■ Collection entries
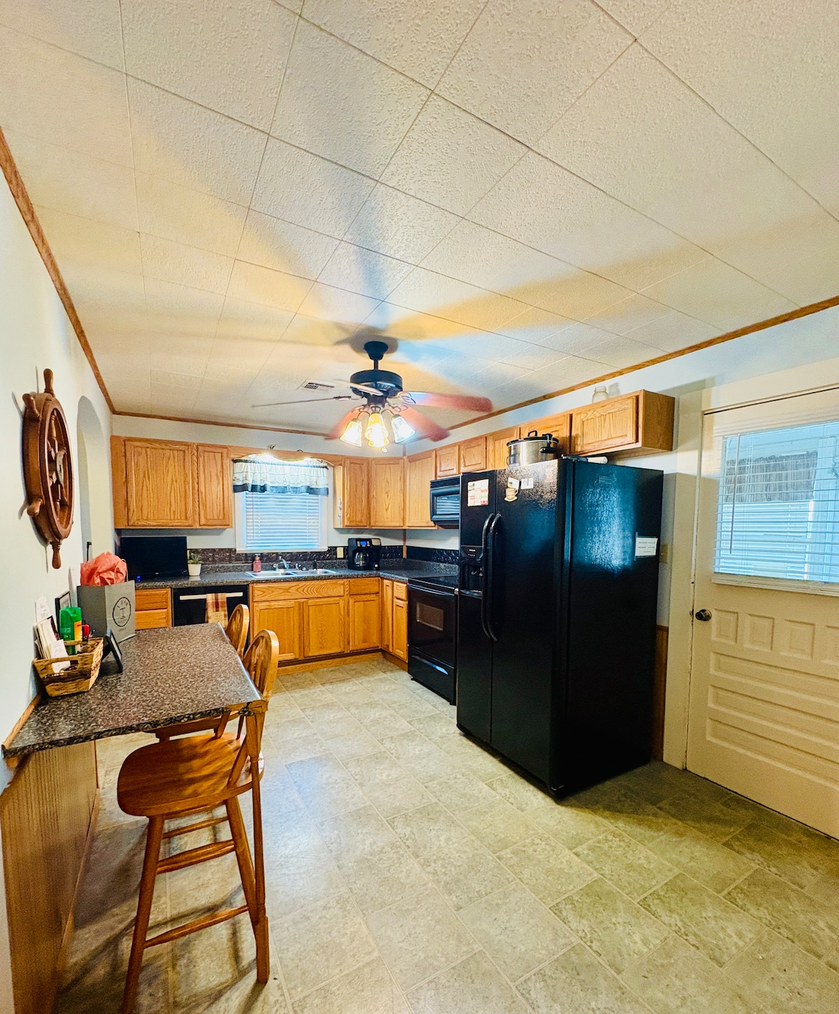 Escapt to this 2-bed, 1-bath home tucked in the Flint Hills. Enjoy sweeping farmland views, plush leather couches, Roku TV, full kitchen with gas stove, washer/dryer, and Starlink internet. Sip coffee on the patio, watch the sunset, and let the fenced yard offer peace of mind for pets or kids. Fresh air, quiet moments, and farm-inspired comfort await—ask about farm-store add-ons to make your stay extra special.
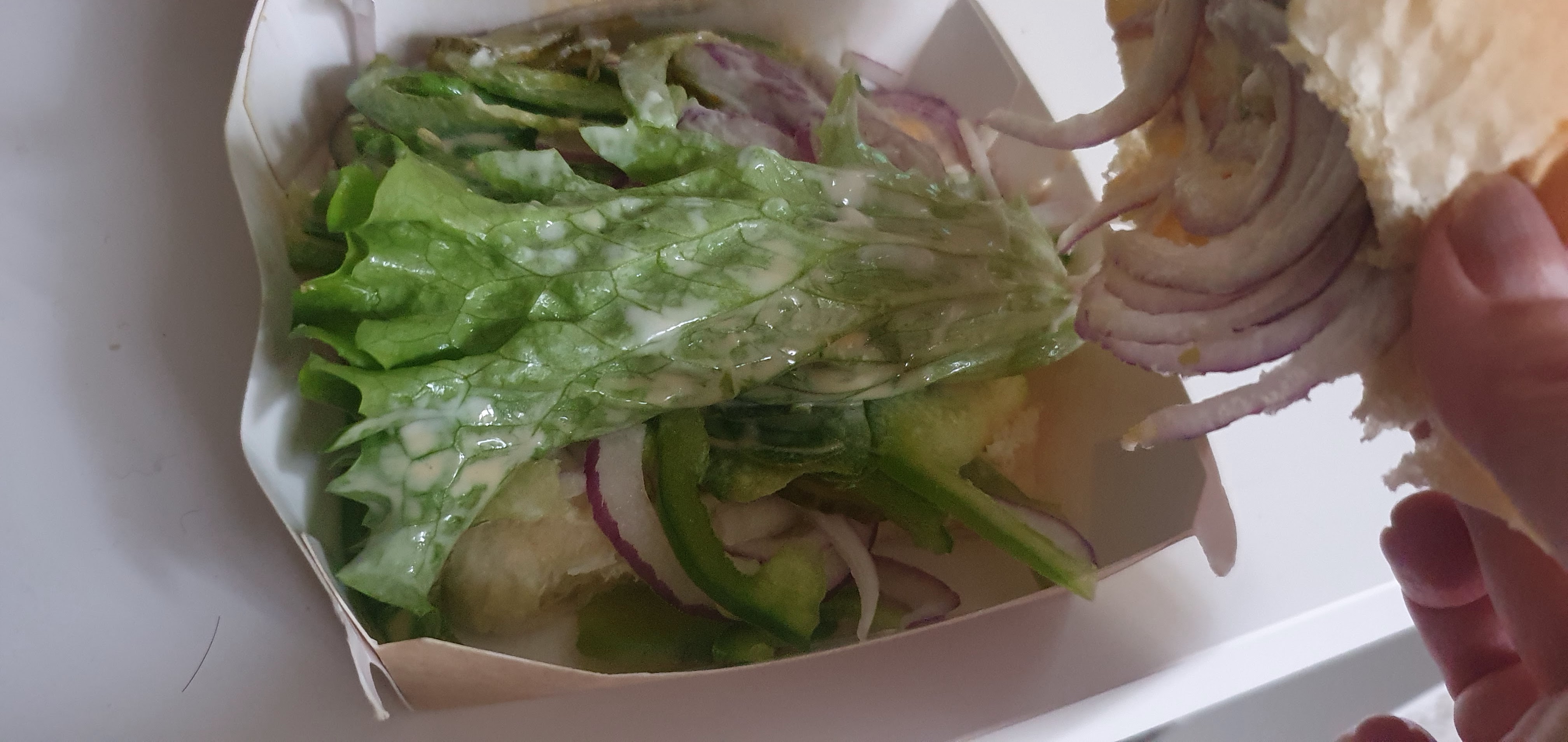Burger « veggie » dans lequel le steack est remplacé par salade tomate oignon, j’ai bien le seum, heureusement que c’est pas cher
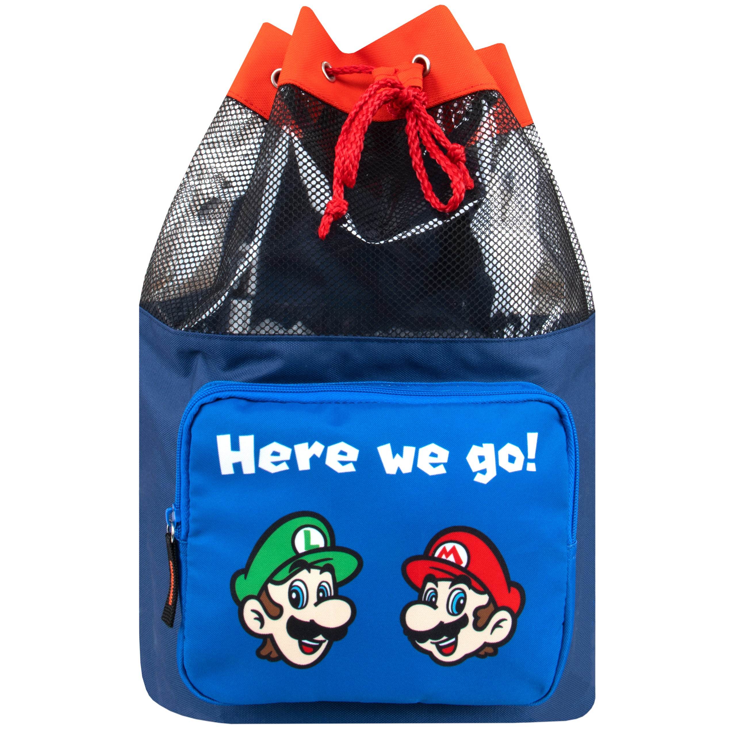 This Super Mario Swimming bag is perfect for carrying your little gamers swimming and summer items. Showcasing Luigi and Mario with the iconic he p"Here We Go!" on a dark blue background, it brings fun and functionality together. The red drawstring top on this rucksack adds a pop of Mario's colours. Get ready for summer adventures at the pool and beach with this cool, officially licensed bag!
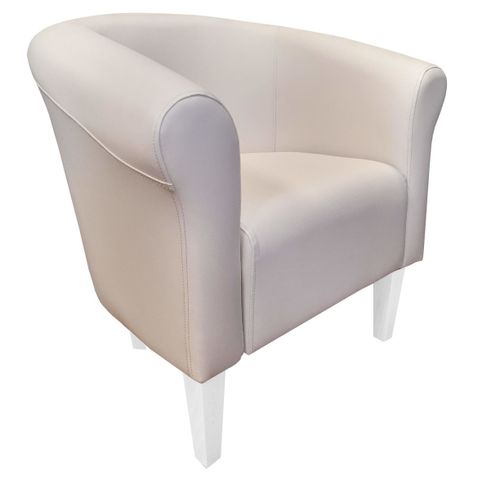 Miękki fotel wypoczynkowy wykonany z eco skóry wyposażony w drewniane bukowe nóżki w kolorze białym.
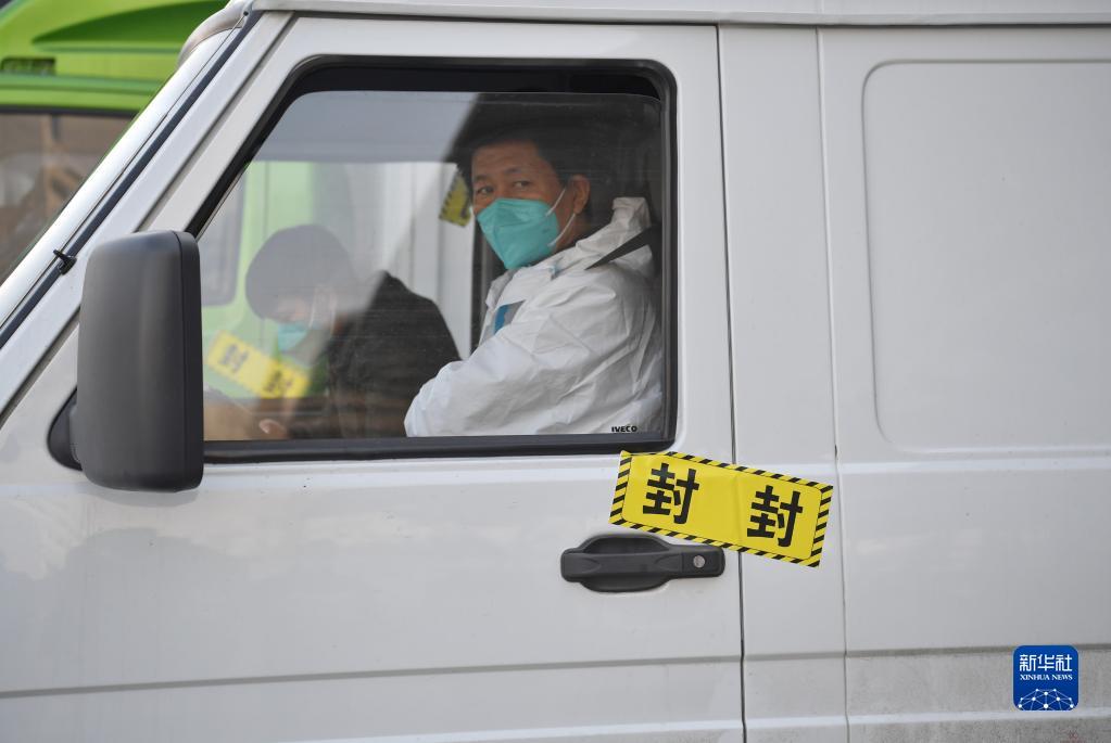 陕药集团派昂医药公司通过给社会运输车辆驾驶室贴封条的方式,避免进入园区的外部车辆人员感染园区(12月28日摄)。
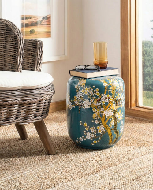 Enhance your home décor with this Mint Blossom Elegance Garden Stool, featuring a refreshing teal green glaze adorned with exquisite hand-painted white blossoms and golden accents. The intricate floral detailing combined with a glossy finish brings a luxurious and artistic touch to any setting.
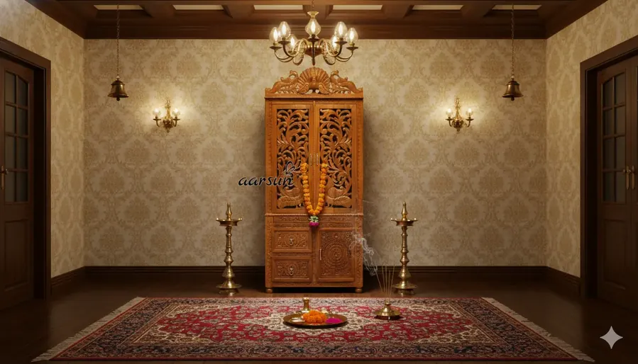 The Wooden Temple For Your Home is an exquisite piece handcrafted from solid teak wood, showcasing detailed peacock carvings that enhance its royal and elegant appeal. This temple comes with functional drawers and a Bhoj tray, making it convenient to store pooja essentials while keeping the space organized.

■ What is needed
In the records above, find the line with "c’est pas cher" and the line with "陕药集团派昂医药公司通过给社". Write out exactly those lines and every one between, with no pictures and no other lines.

■ Result for this exercise
Burger « veggie » dans lequel le steack est remplacé par salade tomate oignon, j’ai bien le seum, heureusement que c’est pas cher
 This Super Mario Swimming bag is perfect for carrying your little gamers swimming and summer items. Showcasing Luigi and Mario with the iconic he p"Here We Go!" on a dark blue background, it brings fun and functionality together. The red drawstring top on this rucksack adds a pop of Mario's colours. Get ready for summer adventures at the pool and beach with this cool, officially licensed bag!
 Miękki fotel wypoczynkowy wykonany z eco skóry wyposażony w drewniane bukowe nóżki w kolorze białym.
 陕药集团派昂医药公司通过给社会运输车辆驾驶室贴封条的方式,避免进入园区的外部车辆人员感染园区(12月28日摄)。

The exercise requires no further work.